Wanita itu kembali menoleh, seolah dia takut tertangkap oleh seseorang, dan Gavin memahami gestur yang sperti itu, tandanya wanita itu tidak dalam keadaan aman, karena dia terlihat ketakutan dan selalu melihat arah sekitarnya. Gavin keluar dari meja konsultasi dan berjalan mendekat ke arah wanita itu, lalu menyuruhnya duduk di bangku apotek yang di tutupi beberrapa rak, yang tidak memungkinkan wanita itu terlihat dari luar apotek. Disana Gavin memandang wanita berambut coklat gelap itu, dia bermata coklat, dan juga memiliki struktur bibir yang sexy, hidungnya yang mancung manambah kecantikannya.

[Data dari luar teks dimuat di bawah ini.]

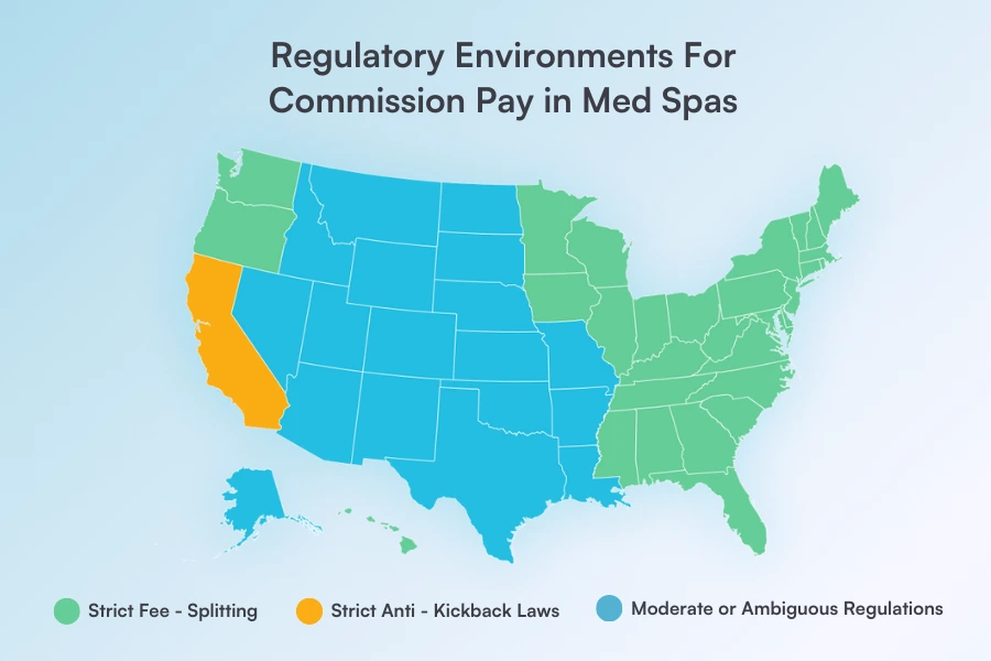 Figuring out commission structures in a medical spa can feel like trying to solve a Rubik’s cube blindfolded. Pay too little, and your team isn’t motivated. Pay too much, and suddenly, your profit margins are gasping for air. Somewhere in between is the sweet spot, but how do you find it?A good commission structure can keep your team motivated, help you retain top talent, and boost your bottom line. But med spas aren’t like regular salons—there are legal rules to follow before you start paying commissions.This guide will break it all down – how commission works, what to consider, and how to stay compliant. No confusing jargon, just clear and practical advice to help you get it right. ⚠️ DisclaimerThis article is for informational purposes only and should not be considered legal advice. Always check with a qualified attorney or compliance expert before making changes to your compensation structure. Can med spas legally offer commission-based compensation? Short answer: It depends on where you’re located. Unlike traditional spas, which operate more like retail businesses, med spas are classified as medical practices. That means they have to follow stricter regulations when it comes to paying employees – especially when commissions are involved.Many states have laws that limit or outright prohibit commission-based pay for medical services. If your med spa is structured incorrectly, offering commissions could put you at risk of legal issues. The key takeaway? Before rolling out a commission structure, you need to understand your state’s specific compensation rules. States with fee-splitting statutes One of the biggest legal hurdles for commission-based pay in med spas is fee-splitting laws. These laws prohibit medical professionals from sharing fees with non-licensed individuals or entities in exchange for referrals or services. The idea is to prevent financial incentives from influencing medical decisions – but they also impact how med spa employees can be paid.Several states, including California, New York, and Illinois, have strict fee-splitting rules that could make commission-based pay risky. Even if a state doesn’t explicitly prohibit fee-splitting, its medical board may still view commissions as unethical or unprofessional conduct. This means med spa owners must be extra careful when structuring employee compensation. States with anti-kickback laws Anti-kickback laws are designed to prevent healthcare providers from receiving or offering any compensation for patient referrals or for the purchase of services or goods.Some states interpret commission-based pay as a form of kickback – especially if it’s tied to treatments performed by licensed medical professionals.Federal Anti-Kickback Statute (AKS) is a federal law that applies to all states and prohibits offering or receiving any form of payment or commission for referrals of healthcare services or the purchase of items that are reimbursed by government health programs (like Medicare or Medicaid).Med spas, especially those that accept government health insurance, need to ensure they comply with this law.So what’s the safest approach? Consult a healthcare attorney before implementing any commission-based pay to ensure you’re in the clear. Types of commission structures in med spas Once you’ve navigated the legal side of things, the next step is choosing a commission structure that works for your med spa. There’s no one-size-fits-all approach – some models are simple and predictable, while others are designed to push performance. Flat rate commission A flat-rate commission means employees earn a fixed dollar amount per service or product sold—no percentages, just a set payout. For example:$20 per laser hair removal session sold$10 per skincare product soldThis method keeps things simple, making payroll predictable and easy to manage. With an all-in-one practice management software like Pabau, you can easily manage booking and scheduling, record keeping, payment processing, as well as commission tracking. With this feature commission you can set up and automate flat-rate payouts seamlessly – no spreadsheets or manual calculations needed.Pros:Easy to calculate and trackPredictable costs for business ownersEncourages employees to sell specific services or productsCons:May not incentivize high-value salesEmployees might prioritize quantity over quality Percentage-based commission With a percentage-based model, employees earn a cut of the revenue from each service or product they sell. For example:15% commission on Botox services10% commission on skincare product salesThis structure is great for incentivizing employees to sell higher-value treatments since their earnings increase with the price of the service. Most med spas set commission rates between 10-20%, depending on the service type and profit margins.Pros:Aligns employee earnings with revenue growthEncourages higher-value sales and upsellingCons:Can lead to unpredictable payroll costsNeeds careful planning to maintain profit margins Tiered commission systems Tiered commission structures reward employees for hitting sales or service milestones. Instead of a fixed percentage, commission rates increase as sales go up. Here’s an example:10% commission on sales up to $5,00015% commission on sales between $5,001–$10,00020% commission on sales above $10,000This system creates a built-in incentive for employees to go the extra mile—the more they sell, the more they earn. It’s especially effective in med spas with strong retail products offerings or premium service packages.Pros:Motivates employees to sell moreHelps drive higher revenueCons:Can be complex to manage without the right softwareEmployees may focus too much on hitting targets rather than client care Hybrid models A hybrid commission model combines hourly rate or salary with performance-based commissions. This setup provides financial stability while still rewarding employees for br

Gavin berusaha menenagkan wanita itu dan kembali menanyakan dia butuh obat apa.

'Kamu mau saya ambilkan obat dengan merk apa...?' tanya Gavin lagi, dan sekarang Gavin melihat wanita tadi terus memegang perut bagian bawahnya.

'E...aku gak tau merknya, pokoknya pereda rasa sakit dan nyeri...apa aja gak apa-apa...uhh..' jawab wanita tadi sambil terus meringis kesakitan dan memegang perutnya.

'Kamu lagi mestruasi kah..?' tabak Gavin

Wanita itu terbelak matanya, dan memandang mata Gavin dengan raut muka menahan rasa malunya, karena penjaga apotek seorang lelaki, jadi dia merasa malu membicarakan hal tersebut. Wanita dengan kulit kuning langsat itu mengangguk pelan, dan gavin tersenyum melihatnya. Gavin berjalan mendekati rak obat dan mengambil obat pereda nyeri haid, serta dia membawakan air hangat dari dispenser untuk wanita itu. Dengan arahan Gavin, dia meneguk obat itu, dan tersenyum kearah Gavin yang juga ikut tersenyum melihat wanita itu sudah meminum obatnya. 

'Berapa mas...?' tanya nya sambil beranjak dari tempat duduknya

'28 ribu rupiah, eh...' cegah Gavin 'Udah kamu duduk aja dulu, nunggu enakan perutnya baru jalan lagi...' lanjut Gavin sambil memegang lengan wanita itu dengan lembut dan membuatnya kembali duduk

'Makasih ya mas...' jawabnya dengan senyuman 'Ini uangnya, katanya sambil menyodorkan satu lembar 50 ribu kepada Gavin.

'Sebentar ya mbak...' jawab Gavin sambil kembali berjalan ke mesin kasir dan memberikan kembalian untuk wanita itu

Saat Gavin sampai di depan wanitua itu dia membawa hot pack untuk kompres perut wanita itu.

'Ini...dipakai aja mbak gak apa-apa...' kata Gavin sambil memberikan hot pack kepada wanita itu

'Ini....' tanyanya heran

'Ini untuk kompres supaya perut mbak tidak kram...' jawab Gavin lalu duduk di samping wanita itu.

Wanita itu memandang heran ke Gavin yang terlihat biasa saja saat bertemu dengannya, Gavin juga terlihat sangat cekatan dalam menanganinya, dia berbeda dengan pelayan apotek pada umumnya.

'E...sorry...kamu gak tau aku kah...?' tanyanya dengan heran

Sekarang giliran wajah Gavin yang terlihat bingung dengan pertanyaan dari wanita yang sedari tadi diam-diam di kaguminya. Gavin hanya menggelengkan kepalanya, tanda dia tidak mengenali wanita itu, dan ini adalah kali pertama dia bertemu dengannya.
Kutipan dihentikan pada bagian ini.